Уже ничто не могло победить недоверие императора к родовому дворянству. (Недаром в роте дворцовых гренадер, которую он сформировал после мятежа 14 декабря, все офицеры были выслужившиеся из солдат.)

Николай искал совсем других опор. Отвергнув проекты комитета 1826 года, он нащупывал совершенно иной путь стабилизации власти. И его идея вот-вот должна была найти стройное и крайне соблазнительное оформление в предложениях Сергия Семеновича Уварова.

Ударив по Уварову, баловню новой знати, сыну екатерининского любовника, зятю елизаветинского фаворита из певчих, и одновременно предлагая императору верность и усердие лучшего дворянства для необходимых реформ, Пушкин промахнулся.

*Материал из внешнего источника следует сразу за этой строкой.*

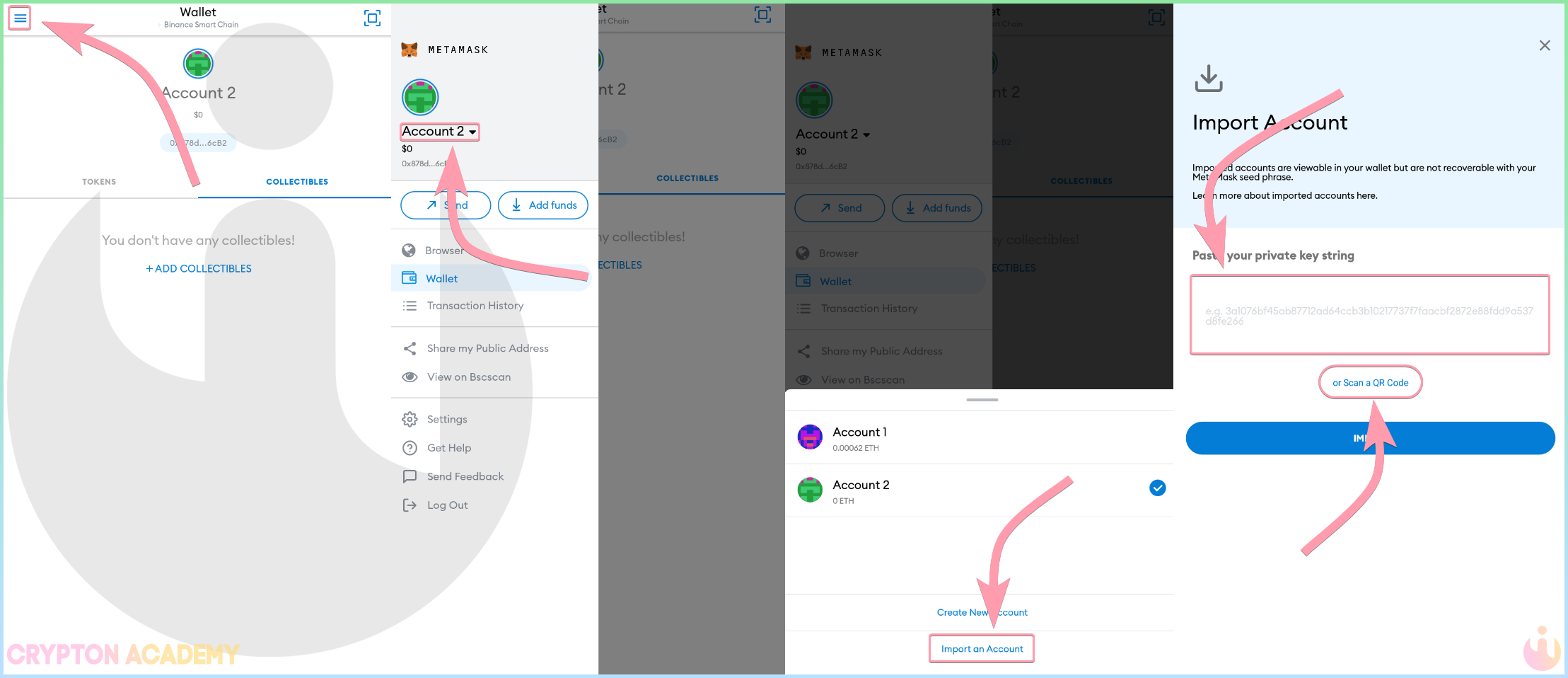 Перейдите в Опции, нажмите на имя текущего кошелька, далее выберите Import an Account и введите ваш приватный ключ или просканируйте QR-код, содержащий приватный ключ:

Уваров точно попал в цель.

В разговоре с великим князем Пушкин сказал: «…что значит наше старинное дворянство с имениями, уничтоженными бесконечными раздроблениями, с просвещением, с ненавистию противу аристократии…» С просвещением… Он не был столь наивен, чтобы уповать на родовое дворянство вообще. «Русские баре не знают грамоте». Когда он говорил о дворянстве, он имел в виду лучшую, просвещенную его часть, способную заглянуть в будущие дни, понять грядущую опасность, поступиться жалкими внешними выгодами ради спасения и благоденствия России. Он говорил о дворянском авангарде.

Он говорил о нем в тридцатом году, говорил и в тридцать четвертом. Но на пороге года тридцать шестого, последнего года своей жизни, на вершине осознания близящихся катастроф, он потерял веру в тех, кто окружал его. Он мог надеяться на тех, кто придет завтра, – на родовое просвещенное дворянство сороковых и пятидесятых. Тех, кого надо было воспитывать сегодня.

Ибо «дряблый деспотизм», сумев нейтрализовать физически людей дворянского авангарда, отравил сознание и расслабил волю дворянского большинства.